Теперь ястреб парил совсем низко. На какое-то мгновение он завис прямо над ними, словно собрался атаковать, а может, просто хотел сказать им на своем ястребином языке: "Что, братцы, сдрейфили? Молите Бога, что принял огонь на себя". А потом плавно, большими кругами начал подниматься все выше и выше. И казалось, не будет предела этой небесной спирали, как не может быть предела ощущению радости полета.
- Кажется, он охраняет нас, - едва заметно улыбнулась Мария. - Неужели ему действительно хотелось спасти?
- Хотел ли - не знаю. Но спас. Так что спасибо тебе, браток, - скупо, по-солдатски поблагодарил его Крамарчук. - Втроем мы как-нибудь продержимся.
- Хорошо хоть не подстрелили.
- Теперь еще по нему пореви. Ястреба ей жалко стало! А то, что рядом бедный сержант Крамарчук чуть Богу душу не отдал, - ей безразлично.
- Птица ведь тоже жалеет нас. Разве ты этого не замечаешь?
Еще около часа они просидели в овраге, внимательно наблюдая за окрестностями села и опушкой леса. Немцы уехали - это точно. Но полицаи могли оставить засаду.
- Перебежками не разучилась? - спросил Крамарчук, в последний раз внимательно осматриваясь. - Пригнувшись, перебегаем оврагом поближе к лесу. Последние сто метров придется по равнине. Я перебегаю, ты прикрываешь. Если все тихо, перебегаешь и ты. Если нет - я прикрою. Отходишь вон туда, через долину, к роще.
- Понятно. Вернуться бы к старухе... Я бы ее "отблагодарила".

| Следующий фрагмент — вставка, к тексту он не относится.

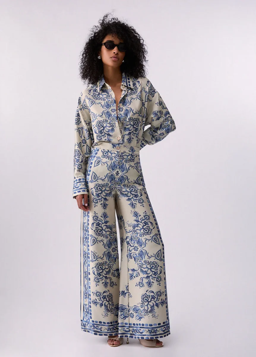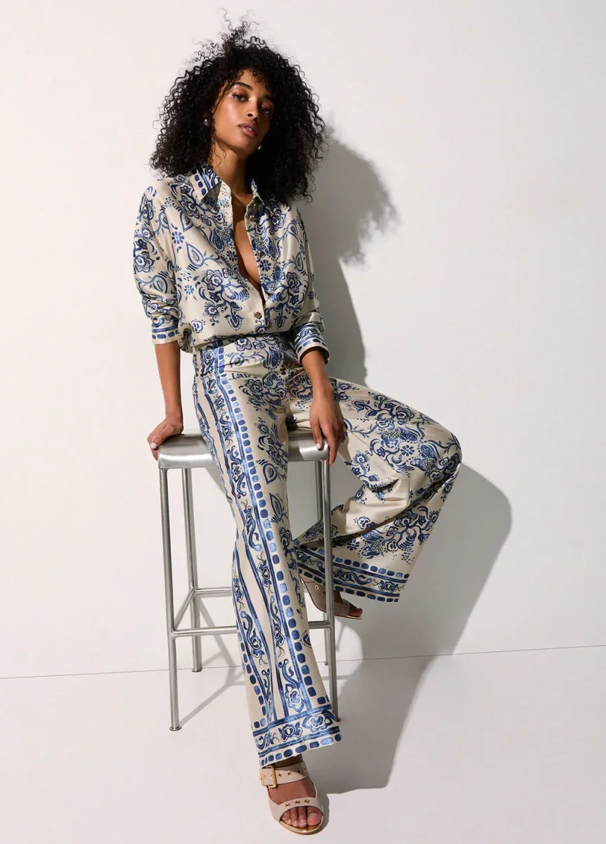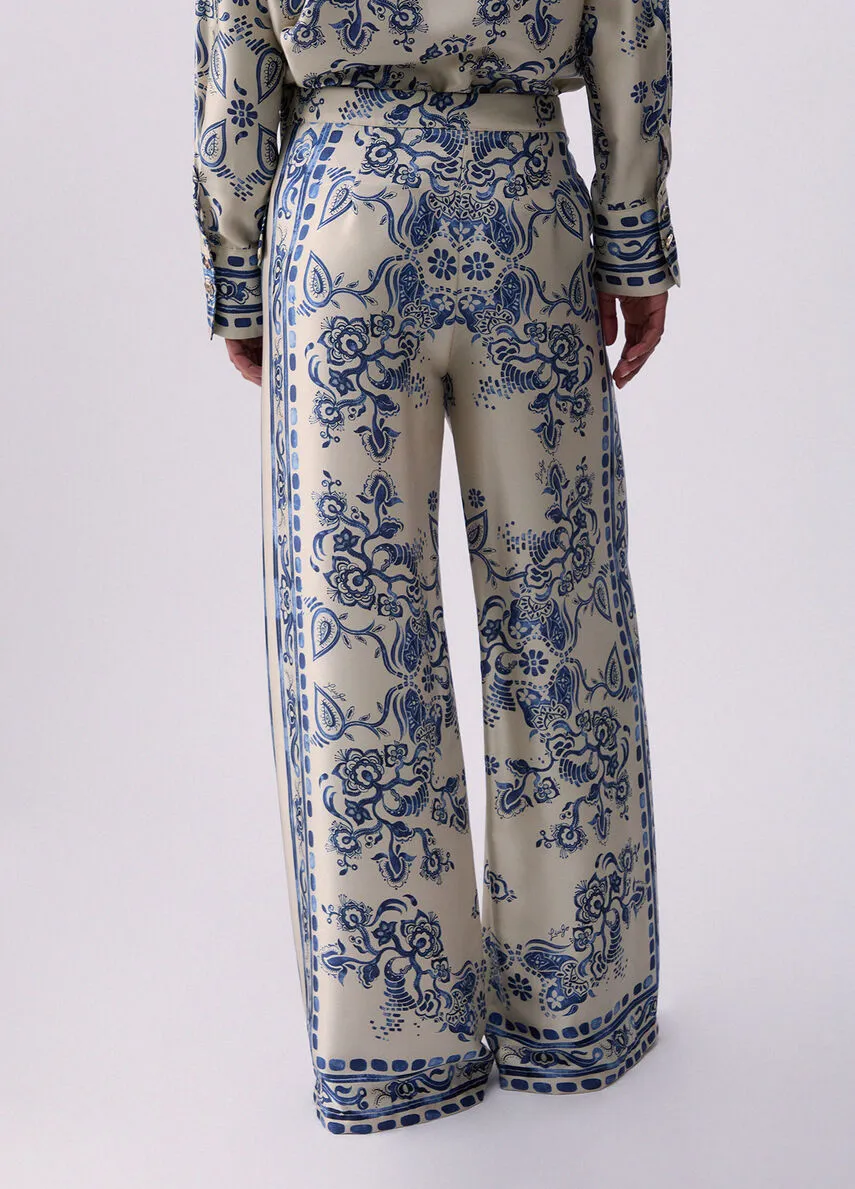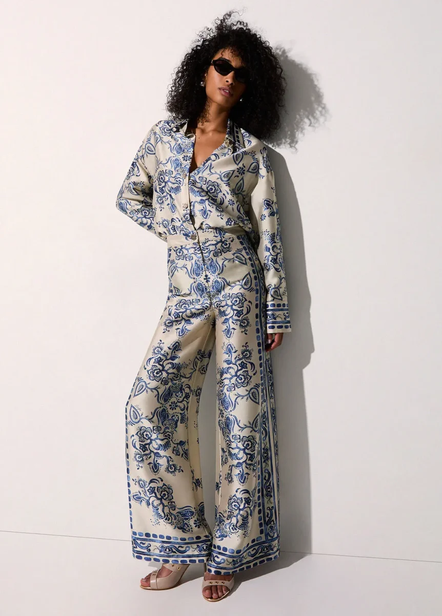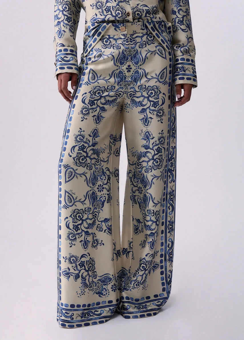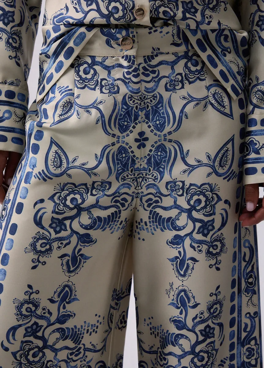 liujo pantaloni ecosostenibile CA6230TS555P9652 Pantaloni in twill fluido Stampa foulard Vita media Gamba ampia e comoda Chiusura con zip e bottoni Prodotto “Liu Jo Better” Codice web 73/89 Napoli Composizione 100% Poliestere Visita la nostra pagina facebook boutique flair

- Будь это мужик, я бы его еще тогда пристрелил. Или сегодня же, ночью. Но ведь кто мог подумать, что эта богобоязненная на вид старушка уподобится Иуде?
46
И на этот раз им тоже повезло. Как только они оказались на опушке за кустарником, от которого начинали свой путь к оврагу, на тропинке, метрах в ста от них неожиданно показались полицаи. Впереди шли трое, Еще двое - чуть позади. Очевидно, из тех, что отстали во время прочесывания леса.
- Куда ж они, падлы, могли подеваться? - донесся дребезжащий басок рослого худющего полицая, идущего последним. - Может, и впрямь где-нибудь в селе прячутся? Надо еще раз обойти окраину, осмотреть погреба, сараи...
- Или бабке со страху что-то примерещилось.
- Какое примерещилось? Весной она уже выдала троих партизан. И тоже, антихристка, сначала приняла, согрела, молоком напоила. Одного даже травами какими-то два дня отпаивала. А потом заявила в полицию.
Крамарчук и Мария многозначительно переглянулись. Вот, значит, в какую ловушку они попали!
~ Оказалось, что один из этих троих вроде бы в милиции до войны работал. И сам вроде бы арестовывал ее сына. Вместе с энкавэдистом. Эти "сталинские соколы" обоих ее мужиков - и мужа, и сына - под кресты загнали. Вот она и мается: между сочувствием и ненавистью. Но когда немцы приказали выделить ей как пострадавшей от коммунистов муки и сала - отказалась. Награду за выданных тоже не приняла.
Полицаи стояли на опушке, курили и не спеша осматривали лес, кусты, в которых притаились Крамарчук и Мария, овраг, из которого они только что выбрались...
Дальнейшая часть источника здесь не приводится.